**WHAT IS NEEDED:**
Leaving out pictures, output exactly the lines below from the one that has "Solid colors: 100%" through the one that has "3rd party shipper", and nothing else.

**SOURCE RECORDS:**
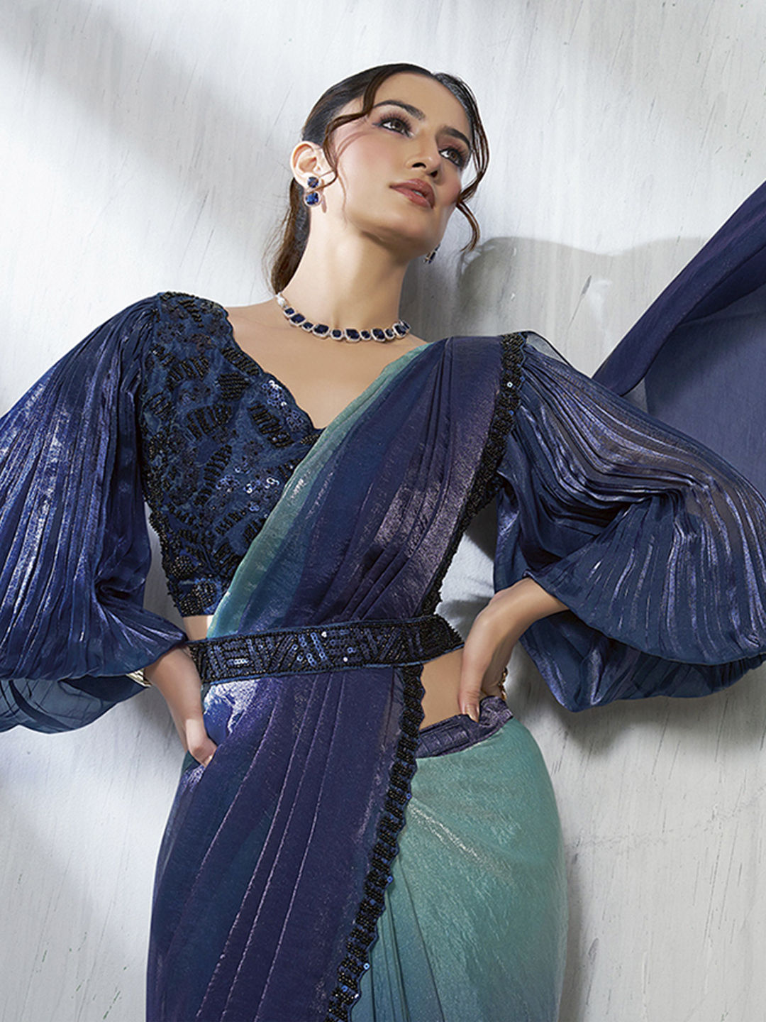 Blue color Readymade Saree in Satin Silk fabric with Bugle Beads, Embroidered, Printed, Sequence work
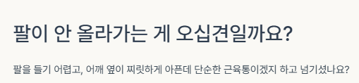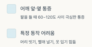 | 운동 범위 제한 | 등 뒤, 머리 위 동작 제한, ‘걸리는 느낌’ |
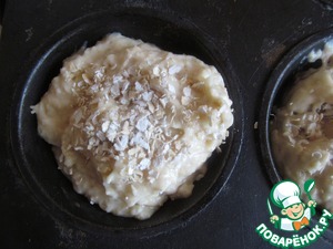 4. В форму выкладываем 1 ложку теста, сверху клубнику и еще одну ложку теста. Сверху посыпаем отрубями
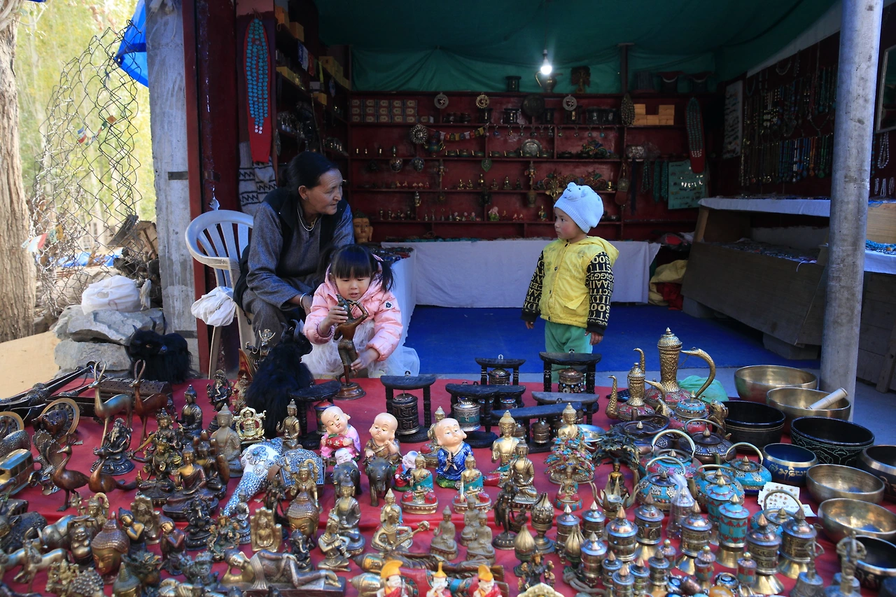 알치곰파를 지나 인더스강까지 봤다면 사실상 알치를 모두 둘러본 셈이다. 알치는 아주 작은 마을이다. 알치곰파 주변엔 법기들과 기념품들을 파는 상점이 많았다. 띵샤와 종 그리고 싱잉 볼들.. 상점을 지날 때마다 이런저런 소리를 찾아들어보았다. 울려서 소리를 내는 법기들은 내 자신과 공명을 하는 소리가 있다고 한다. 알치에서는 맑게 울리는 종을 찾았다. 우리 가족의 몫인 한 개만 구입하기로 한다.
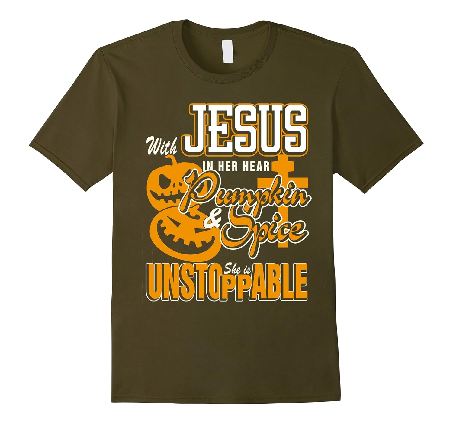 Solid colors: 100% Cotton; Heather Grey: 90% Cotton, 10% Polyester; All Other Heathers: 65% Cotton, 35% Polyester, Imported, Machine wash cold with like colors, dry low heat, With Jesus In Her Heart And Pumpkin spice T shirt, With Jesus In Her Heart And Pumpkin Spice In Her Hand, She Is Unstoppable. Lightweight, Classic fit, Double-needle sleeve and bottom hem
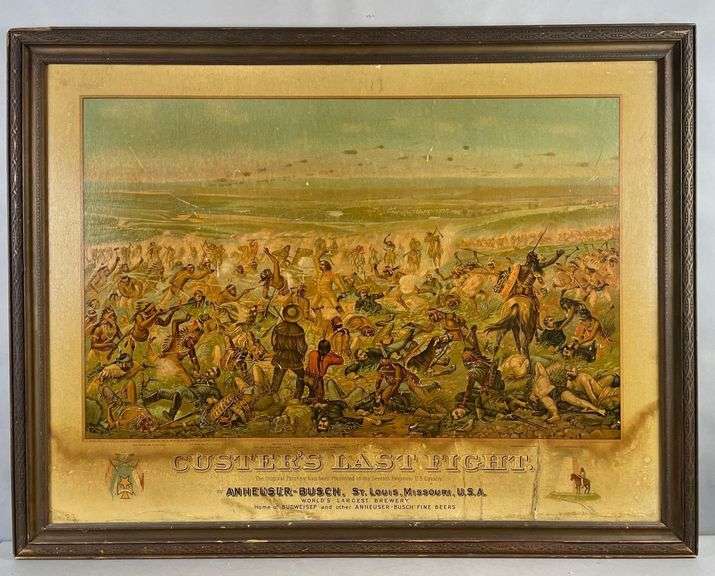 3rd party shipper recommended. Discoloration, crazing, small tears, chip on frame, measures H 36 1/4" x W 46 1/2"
---
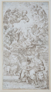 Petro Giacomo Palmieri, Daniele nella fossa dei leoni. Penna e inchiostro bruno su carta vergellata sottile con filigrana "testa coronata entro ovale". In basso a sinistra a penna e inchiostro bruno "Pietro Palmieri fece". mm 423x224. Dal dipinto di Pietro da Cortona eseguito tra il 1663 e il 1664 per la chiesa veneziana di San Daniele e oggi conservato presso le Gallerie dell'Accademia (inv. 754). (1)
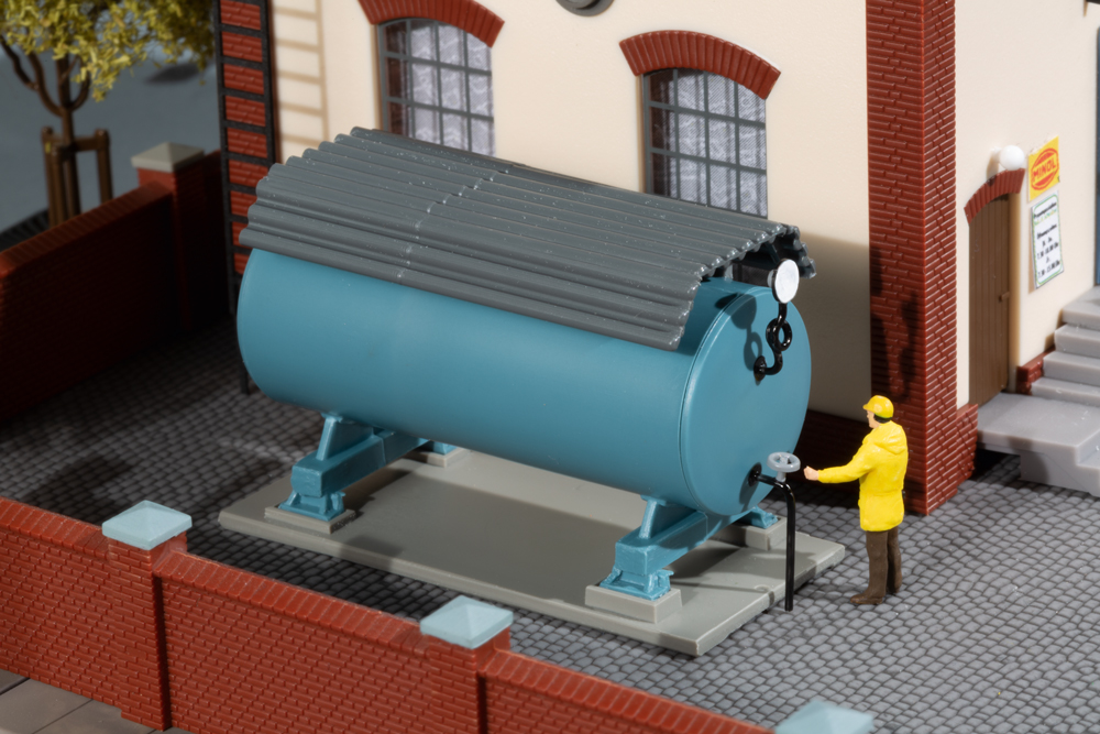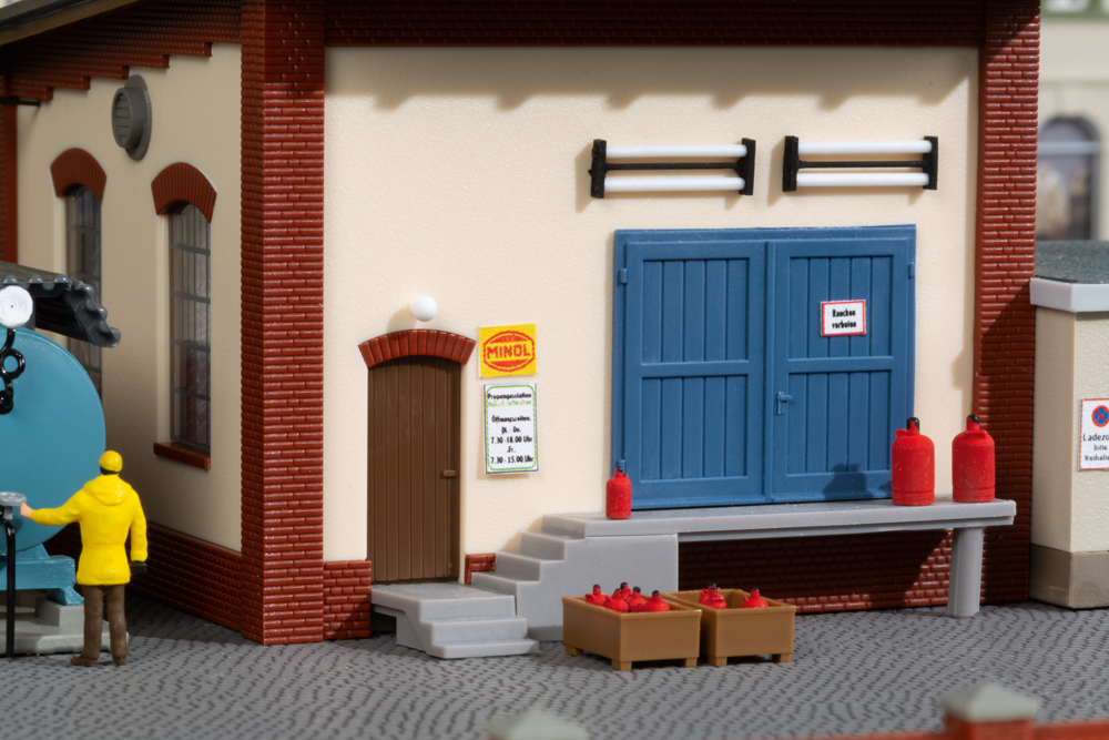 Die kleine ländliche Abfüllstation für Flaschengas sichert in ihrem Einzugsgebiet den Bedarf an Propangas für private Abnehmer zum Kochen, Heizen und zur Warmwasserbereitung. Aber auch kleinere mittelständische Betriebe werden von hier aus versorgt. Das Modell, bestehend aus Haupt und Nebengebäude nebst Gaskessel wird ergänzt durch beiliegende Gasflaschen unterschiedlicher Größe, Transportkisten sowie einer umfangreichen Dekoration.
* * *
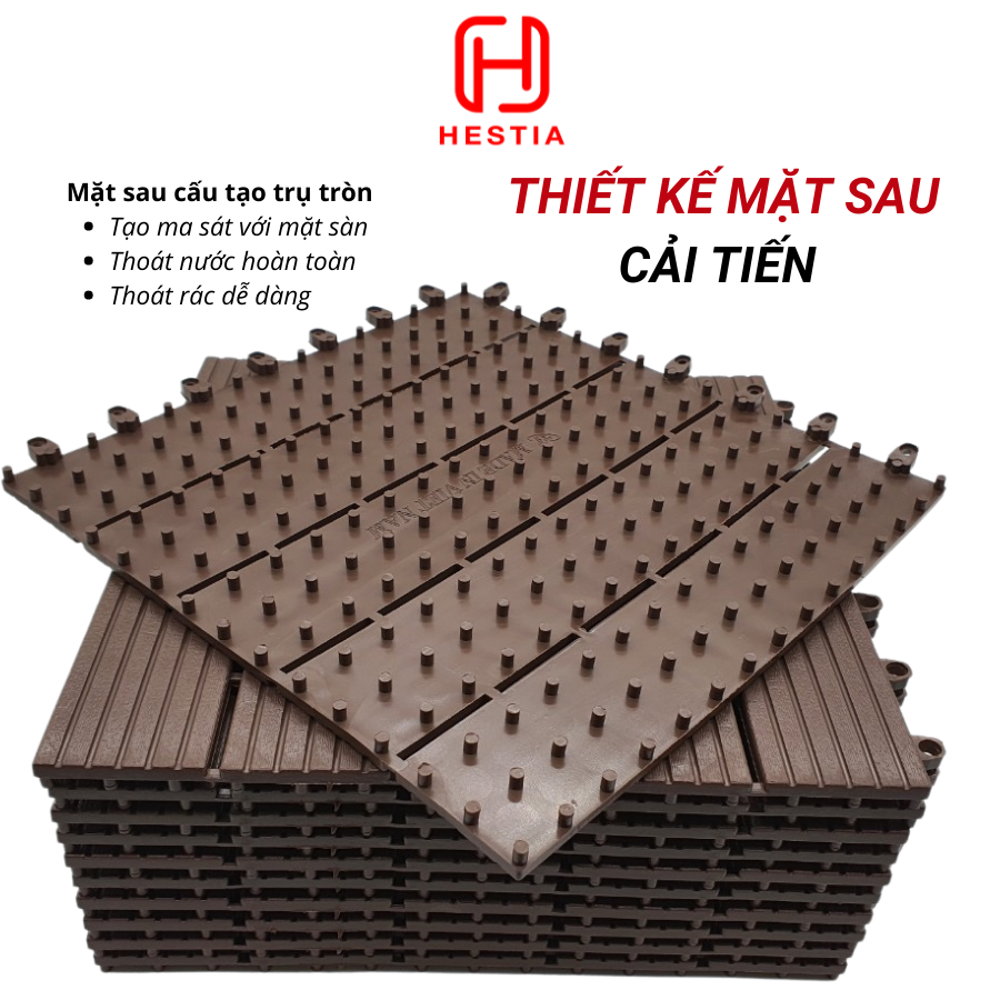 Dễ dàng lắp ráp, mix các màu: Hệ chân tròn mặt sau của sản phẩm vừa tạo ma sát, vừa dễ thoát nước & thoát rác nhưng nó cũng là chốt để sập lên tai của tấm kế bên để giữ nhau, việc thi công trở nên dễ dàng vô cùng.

**SOLUTION FOR THIS PROBLEM:**
 Solid colors: 100% Cotton; Heather Grey: 90% Cotton, 10% Polyester; All Other Heathers: 65% Cotton, 35% Polyester, Imported, Machine wash cold with like colors, dry low heat, With Jesus In Her Heart And Pumpkin spice T shirt, With Jesus In Her Heart And Pumpkin Spice In Her Hand, She Is Unstoppable. Lightweight, Classic fit, Double-needle sleeve and bottom hem
 3rd party shipper recommended. Discoloration, crazing, small tears, chip on frame, measures H 36 1/4" x W 46 1/2"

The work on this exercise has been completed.